TMPRSS11A Das Double-Nickase-Plasmid (h) besteht aus einem aufeinander abgestimmten Plasmidpaar, das für die hochspezifische Bearbeitung des TMPRSS11A-Lokus in human-Zelllinien entwickelt wurde. Jedes Plasmid exprimiert eine Cas9-D10A-Nickase und eine spezifische sgRNA, die auf entgegengesetzte DNA-Stränge innerhalb von TMPRSS11A abzielt. Wenn sie auf benachbarte Stellen auf entgegengesetzten DNA-Strängen gerichtet sind, erzeugen die beiden Nickasen versetzte Einzelstrang-Schnitte, die zusammen einen versetzten Doppelstrangbruch erzeugen, was eine koordinierte On-Target-Aktivität beider Guides erfordert. Der resultierende DNA-Bruch wird durch endogene zelluläre Reparaturwege behoben, meist durch nicht-homologe Endverknüpfung (NHEJ), was zu Insertionen oder Deletionen führt, die die TMPRSS11A-Funktion stören. Durch die Notwendigkeit einer doppelten sgRNA-Bindung am Zielort erhöht der Doppel-Nick-Ansatz die Spezifität der Bearbeitung und bietet eine komplementäre CRISPR-Strategie für Anwendungen, bei denen eine zusätzliche Kontrolle über die Zielgenauigkeit gewünscht ist.

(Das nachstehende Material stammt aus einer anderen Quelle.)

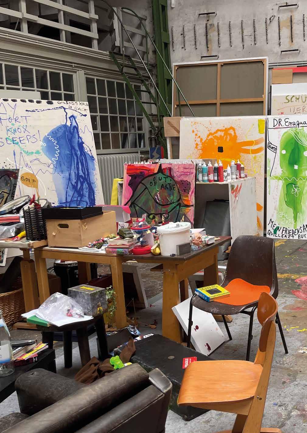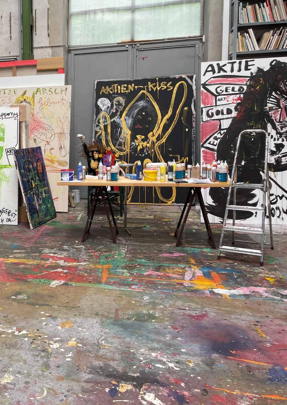 Left page: Studio of Jonathan Meese, photo by Jonathan Meese
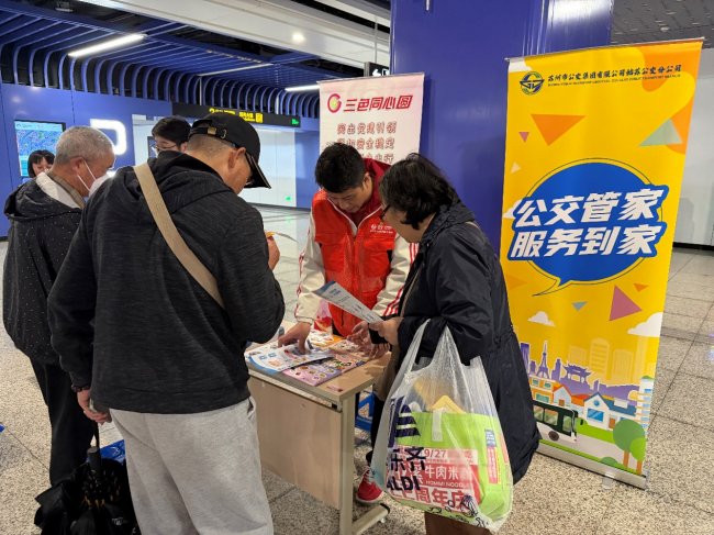 3月30日,苏州地铁7号线积翠桥站工作人员联合苏州市公交集团姑苏公司,在积翠桥地铁站开展“两网融合”便民服务活动。
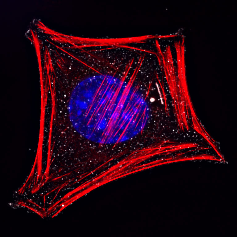 "I am studying various types of cytoskeletal protrusions formed by the cancer cells. Aggressive mouse mammary carcinoma cells (D2A1) were grown on top of a thin gelatin film and stained for the actin cytoskeleton (filamentous actin [F-actin]; red), an actin-binding protein cortactin (white) and the nucleus (by DAPI; blue). These cells developed spots containing F-actin and cortactin, which represent sites where these cells degrade the underlying layer of gelatin film. I aimed to figure out the gelatin degrading/invading ability of the D2A1 cells. This image demonstrated that the D2A1 cells can form actin-rich, cortactin-positive protsuions that invade into the layer of gelatin, which are usually called as ‘invadopodia’.
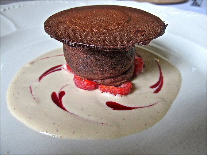 For dessert, I had the chocolate fondant with raspberry and cream, and a glazed chocolate wafer (390 CZK).

Um eine effiziente Identifizierung editierter Zellen zu unterstützen, kodiert ein Plasmid GFP zur fluoreszierenden Visualisierung transfizierter Populationen, während das Begleitplasmid ein Puromycin-Resistenzgen für die Antibiotika-Selektion trägt. Zusammen unterstützen diese Merkmale eine effiziente Anreicherung co-transfizierter Populationen und vereinfachen die Validierung von Klonen mit TMPRSS11A-Störung.
Nur für Forschungszwecke. Nicht für diagnostische oder therapeutische Zwecke bestimmt.